I went to work yesterday unsuspecting and came home to find that a tree that stood a couple of storeys high and was one of only two really large trees still standing in our street, had been cut down without warning.  Here it is in December.  It stood on a block with a couple of E Citriodoras but I think this one was an E Maculata.


And yesterday afternoon.


I saw two men measuring its girth a couple of weeks ago as I was on my way to work.  I thought at the time that wasn’t a good sign (the definition of “significant tree” turns on the girth of a tree and has been changed in the relatively recent past), but I wasn’t in a position to stop and ask.  I wish now that I’d followed up.  This tree was scheduled for destruction as part of the infrastructure works that have turned our neighbourhood upside down.  But a way was found to complete them without cutting it down.  We thought it had been saved.  The infrastructure works are almost complete and the removal of this tree clearly wasn’t necessary for them.

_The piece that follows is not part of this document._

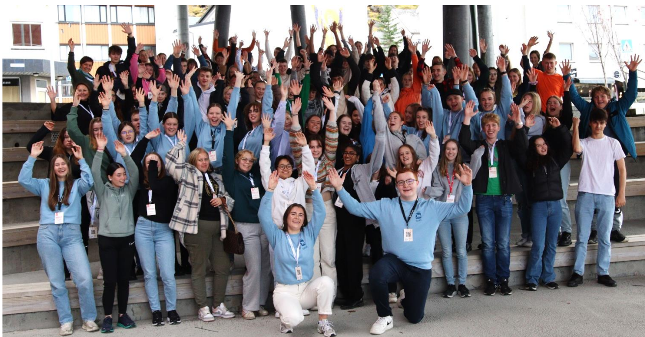
Bilde fra Ungdomsråd i Nord

All this on the same day as our Prime Minister declared too much of our native forest, what little of it remains, is “locked up” in national parks.  Pardon me while I put my head down on my desk.


I called the Council and the tree was cut down by the property owners on whose land it stood.  This is one tree in our neighbourhood not felled by the Department of Planning, Transport and Infrastructure.  Apparently the Council arborist will call back to explain.  I’ll spare you.